Start of Provided entries
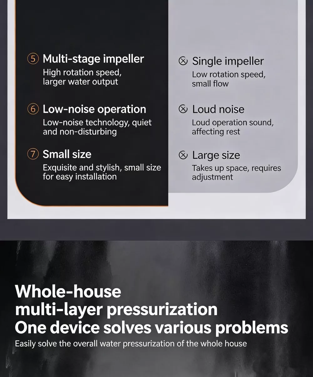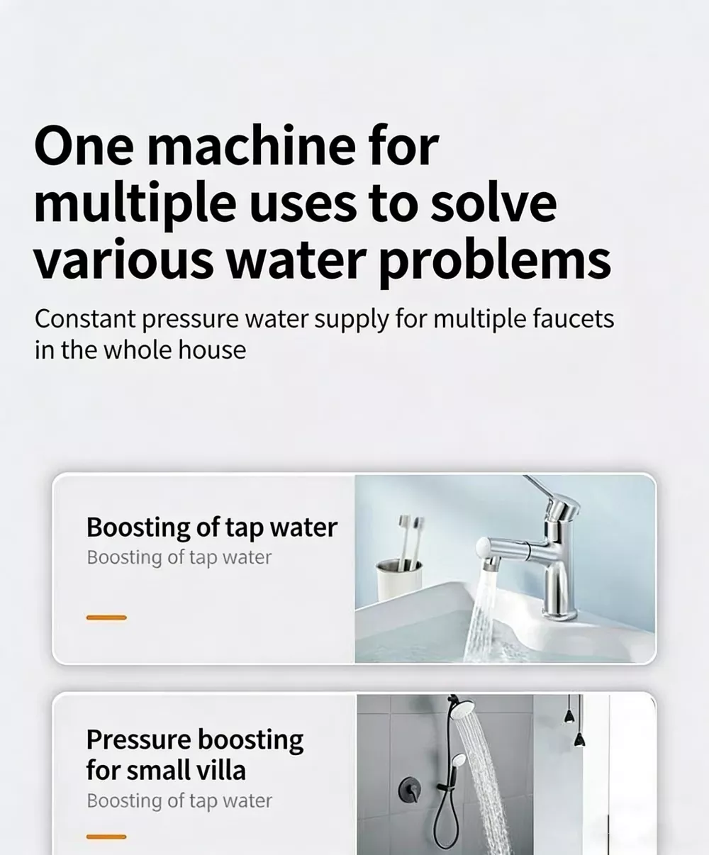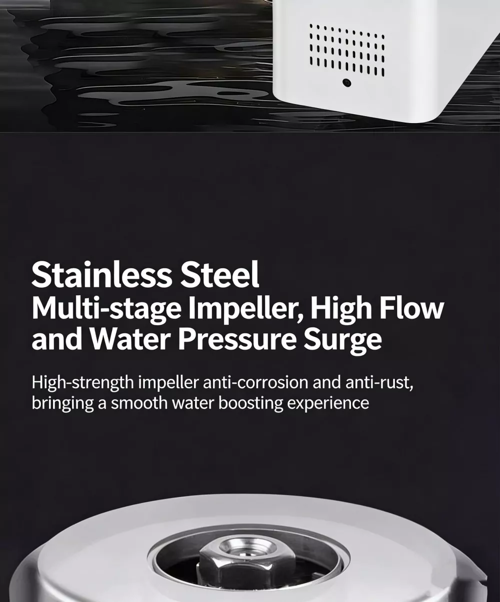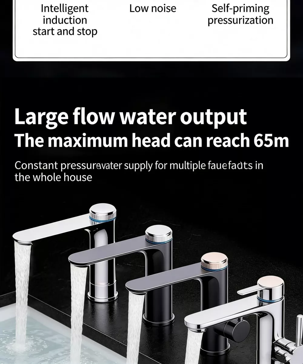 Højhastighedsmotor: Den indbyggede 6500 RPM højhastighedsmotor bringer bølgende kraft, leverer stærk og stabil storstrømsvandudgang og løser grundigt problemet med utilstrækkeligt husholdningsvandtryk.
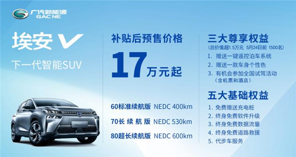 目前官方对新车动力信息描述的不多,此前的工信部申报信息显示,Aion V将由永磁同步电机驱动,最大功率184马力,峰值扭矩350牛·米。
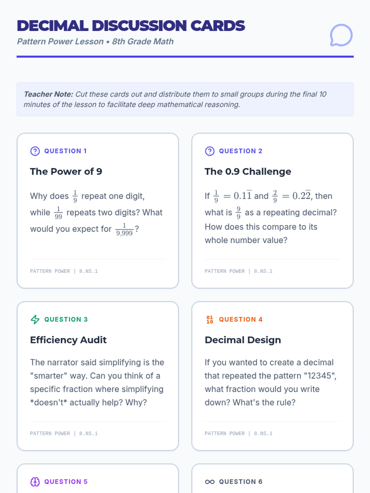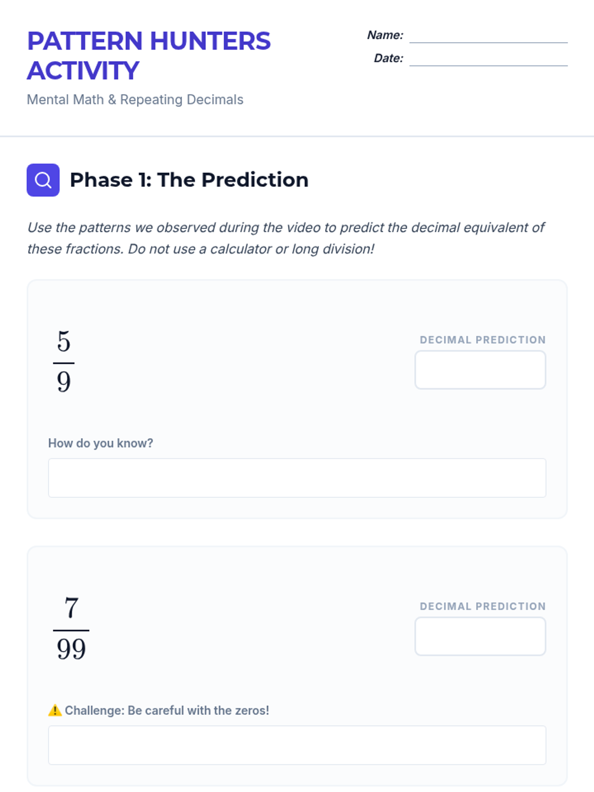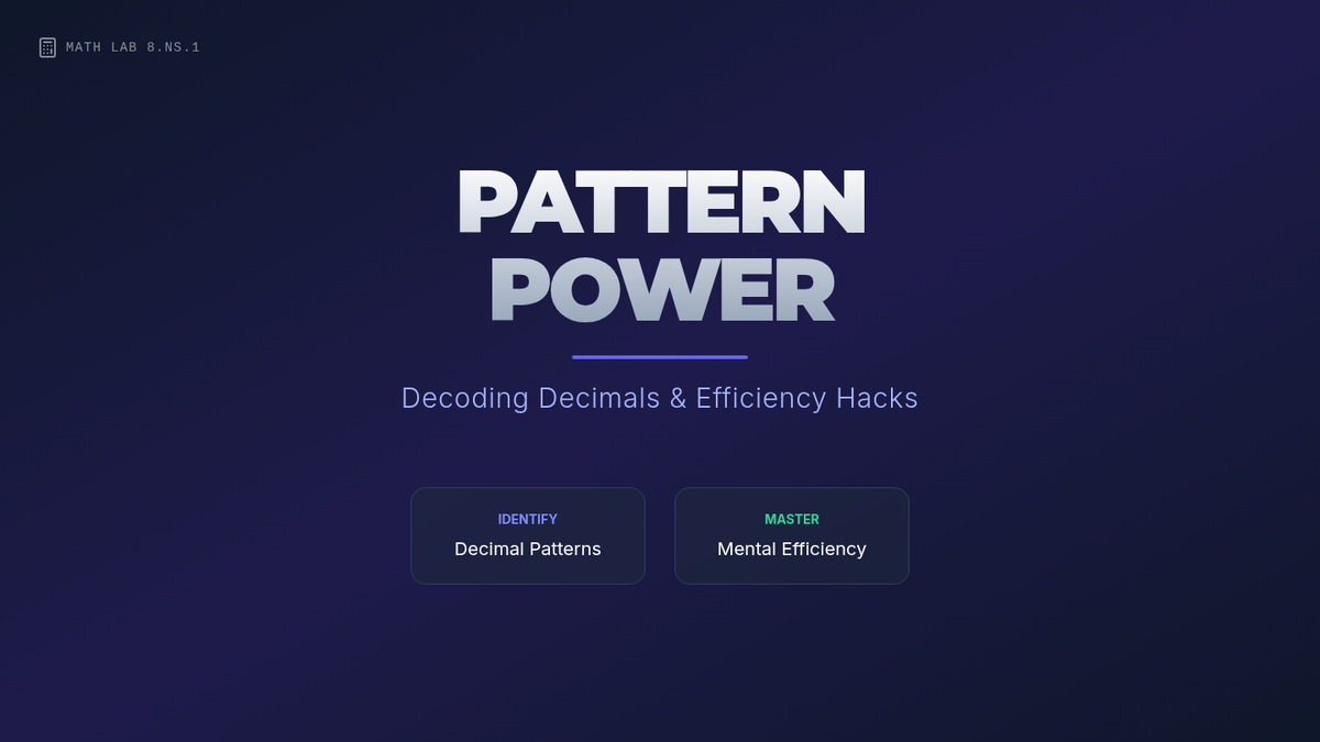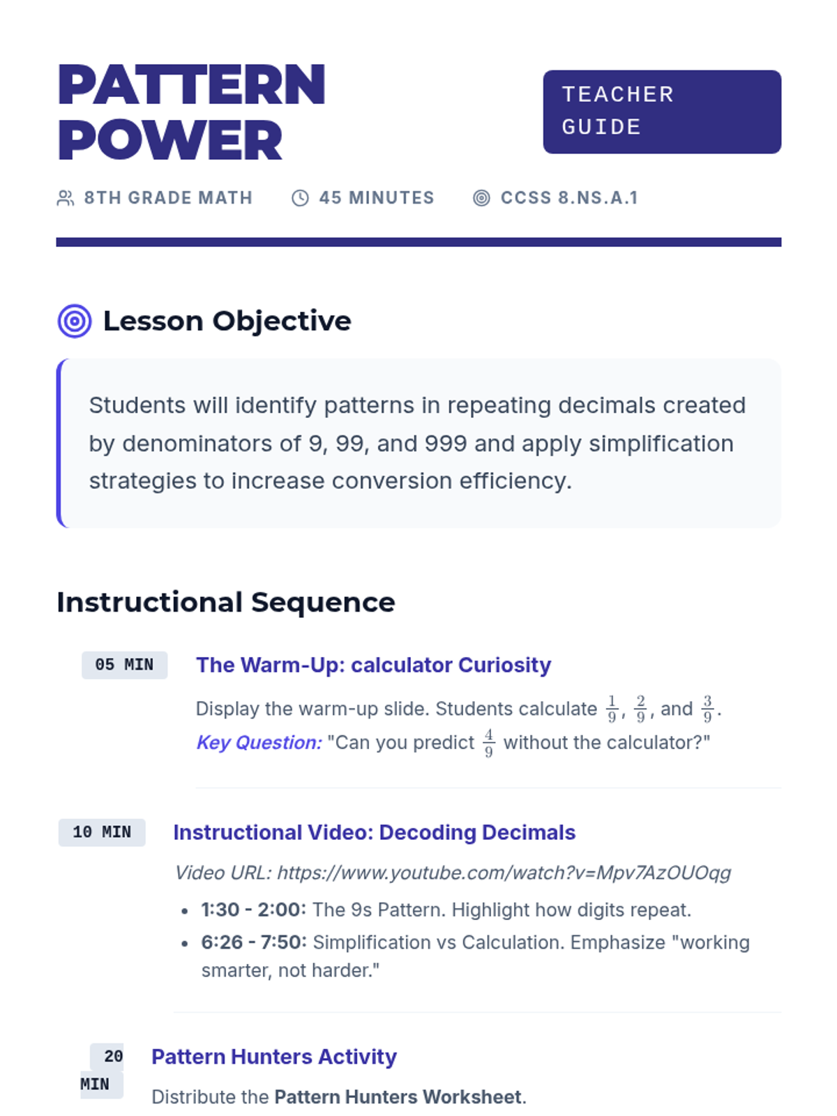 Students explore the fascinating world of repeating decimals, focusing on the patterns created by denominators of 9, 99, and 999. They also learn to increase mental math efficiency by simplifying fractions before converting them to decimals.
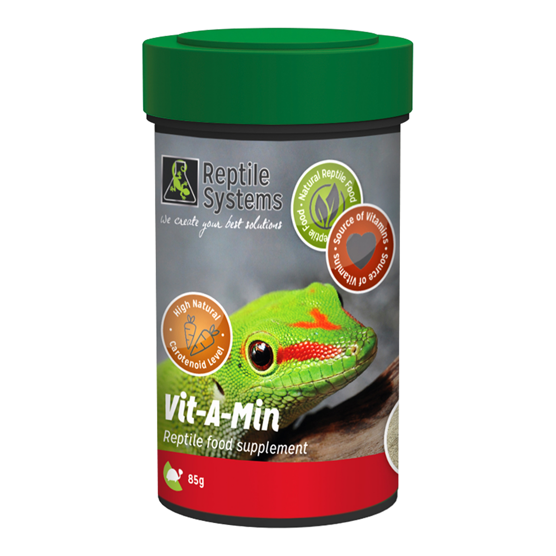 Reptile Systems Vit-A-Min Powder is a complete, premium multivitamin supplement formulated to support the overall health and vitality of reptiles, amphibians, and other exotic pets. Rich in essential amino acids, vitamins, minerals, and natural colour enhancers, this highly palatable powder acts as a powerful nutritional booster—helping to fill the gaps often found in captive diets.
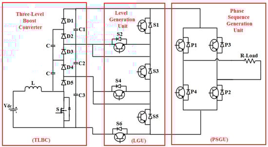 The block diagram of the proposed TLBDCLCHB MLI system is shown in Figure 1. The proposed TLBDCLCHB MLI system consists of single DC voltage source, TLBC, and DCLCHB inverter to generate a seven-level stepped output waveform. The DCLCHB inverter is composed of level generation unit (LGU) and phase sequence generation unit (PSGU). LGU is used to generate the required number of levels and PSGU is used to generate positive and negative sequence voltage levels [13]. The equivalent structure of TLBDCLCHB MLI system is shown in Figure 2.
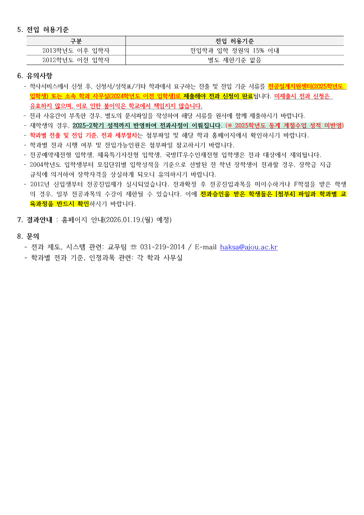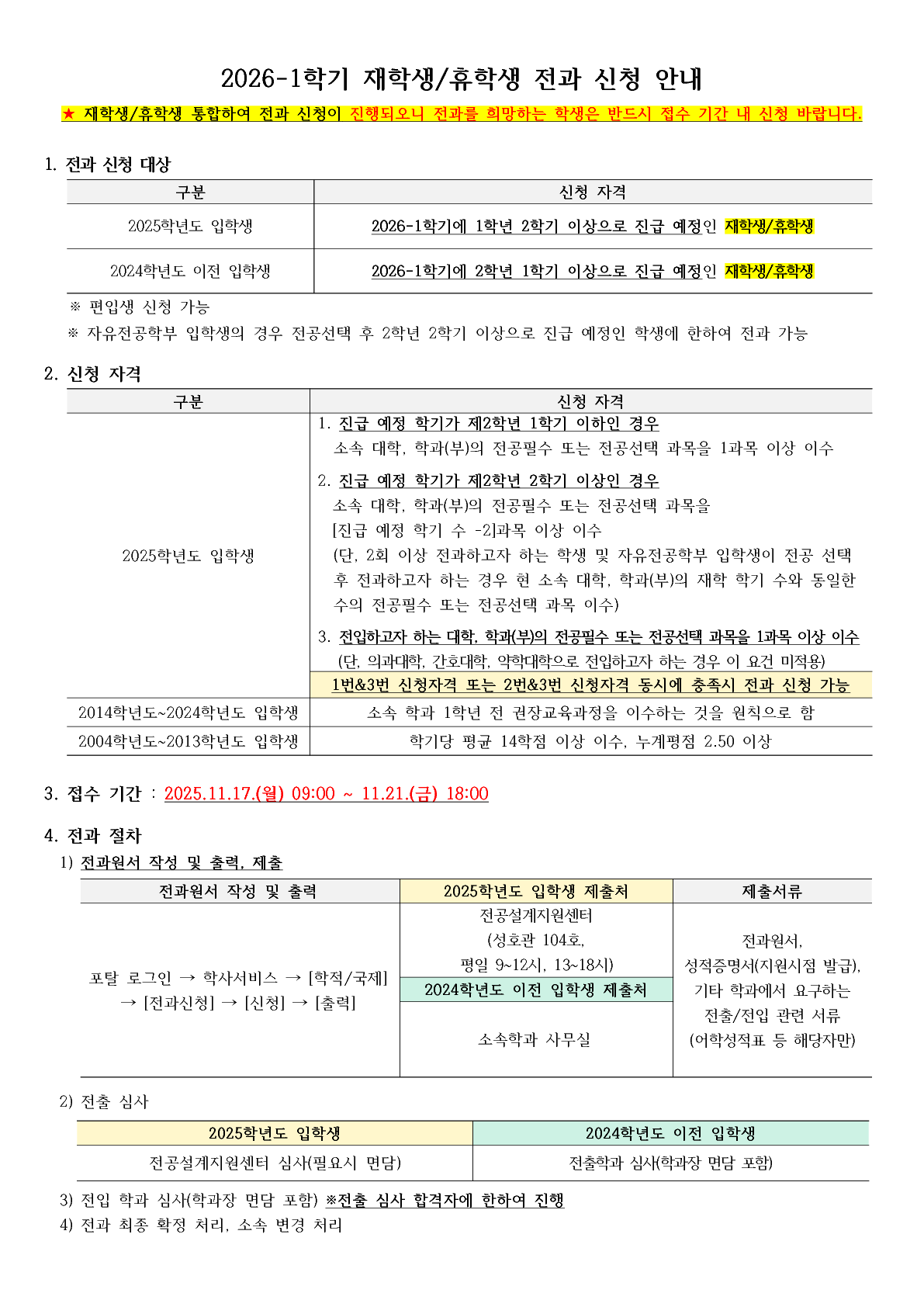 [공지] [학사] 2026-1학기 재학생/휴학생 통합 전과 신청 안내
End of Provided entries
Goal of the exercise: Drop the images and quote the entries word for word.

Output for this exercise:
 Højhastighedsmotor: Den indbyggede 6500 RPM højhastighedsmotor bringer bølgende kraft, leverer stærk og stabil storstrømsvandudgang og løser grundigt problemet med utilstrækkeligt husholdningsvandtryk.
 目前官方对新车动力信息描述的不多,此前的工信部申报信息显示,Aion V将由永磁同步电机驱动,最大功率184马力,峰值扭矩350牛·米。
 Students explore the fascinating world of repeating decimals, focusing on the patterns created by denominators of 9, 99, and 999. They also learn to increase mental math efficiency by simplifying fractions before converting them to decimals.
 Reptile Systems Vit-A-Min Powder is a complete, premium multivitamin supplement formulated to support the overall health and vitality of reptiles, amphibians, and other exotic pets. Rich in essential amino acids, vitamins, minerals, and natural colour enhancers, this highly palatable powder acts as a powerful nutritional booster—helping to fill the gaps often found in captive diets.
 The block diagram of the proposed TLBDCLCHB MLI system is shown in Figure 1. The proposed TLBDCLCHB MLI system consists of single DC voltage source, TLBC, and DCLCHB inverter to generate a seven-level stepped output waveform. The DCLCHB inverter is composed of level generation unit (LGU) and phase sequence generation unit (PSGU). LGU is used to generate the required number of levels and PSGU is used to generate positive and negative sequence voltage levels [13]. The equivalent structure of TLBDCLCHB MLI system is shown in Figure 2.
 [공지] [학사] 2026-1학기 재학생/휴학생 통합 전과 신청 안내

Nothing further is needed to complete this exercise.